L’entrepreneur doit connaître la forme de la courbe de demande.
La forme de la courbe dépend de 2 critères :
le revenu, le pouvoir d'achat des gens
Ainsi, pour faire basculer la courbe de demande de "très sensible" à "peu sensible au prix", il
faut se spécialiser dans les produits pour hauts revenus (élitisation).
l'existence ou non de produits substituts
Il faut faire en sorte que les différents domaines ne soient pas concurrents en se singularisant.
Exemples : L'arrivée du cinéma a fait basculer la courbe du théâtre et a entraîné la fermeture
de nombreux établissements car le temps passé au cinéma était pris sur le temps de loisirs
consacré auparavant au théâtre. Maintenant, on n'attend pas la même chose du cinéma et du
théâtre. De plus, le théâtre est chargé d'une dimension sociale : c'est un lieu de distinction
avec un "effet club" garantissant la compagnie d'une certaine catégorie de personnes.
L'arrivée de la télévision a fait diminuer le public des cinémas ; mais ceux-ci se détachent
maintenant avec d'autres services (grands écrans, multiplexes…).

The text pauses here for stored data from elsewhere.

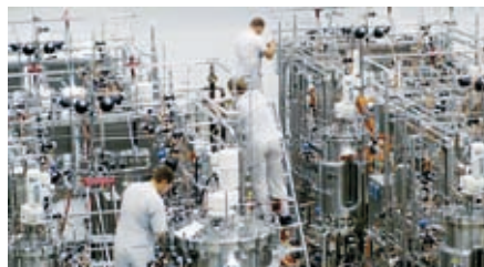
Engineering and installation of process-scale production lines at Sartorius Stedim Systems in Melsungen, Germany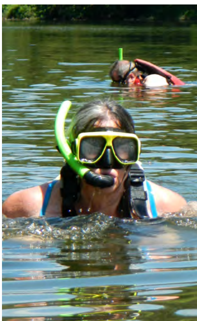
Go snorkeling to see the river from a different perspective!

Every year, we have so much fun bringing the experience of enjoying our waterways to our supporters and friends – both old and new.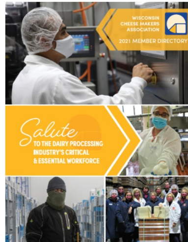
Pictured above: 2021 WCMA Member Directory

WCMA encourages members to consider submitting images and stories that reflect the diversity of their operations. Please submit images of the highest available resolution.

Pour se singulariser, il est également possible de réaliser des productions exceptionnelles
(pièces de théâtre avec des stars du cinéma, mise en scène avec implication du public…) afin
de créer un monopole.
MAIS cette croissance des prix provoque une élitisation de la consommation culturelle.
la fermeture / la réduction de l'offre : la précarisation de l'emploi (fin 19ème siècle : l’intermittence
se généralise).
l'élargissement de l'audience
- augmenter la taille de la jauge
augmentation des coûts de représentation et dégradation de la qualité
- diminuer les prix
la modification du format des spectacles : la modification du répertoire (ex : succès de Beckett
et Ionesco, adaptés à l’économie de petit format).
Exemple : diminuer le nombre de comédiens sur scène. Baumol a montré qu’aux USA, le
nombre moyen de comédiens a été divisé par deux entre 1945 et 1980.
L’économie des arts de la rue, non subventionnée, est une économie de petit format.
Conclusion de Baumol Pour maintenir la qualité du spectacle, à long terme la solution est
l'augmentation des prix et l'élitisme. D’où la proposition suivante :
les financements extérieurs
Si l'on considère que la culture doit être ouverte à tous, il faut trouver des financements extérieurs
: mécénat et subventions, prélevés sur le secteur moderne, le risque étant que les gains de
productivité du secteur moderne soient entièrement engloutis dans le secteur traditionnel
entraînant un ralentissement de la croissance.
Dilemme de Baumol : poids des prélèvements obligatoires.
L'augmentation des subventions à la culture peut avoir pour conséquence :
- la dégradation des autres secteurs traditionnels,
- une augmentation des prélèvements au risque de condamner la croissance.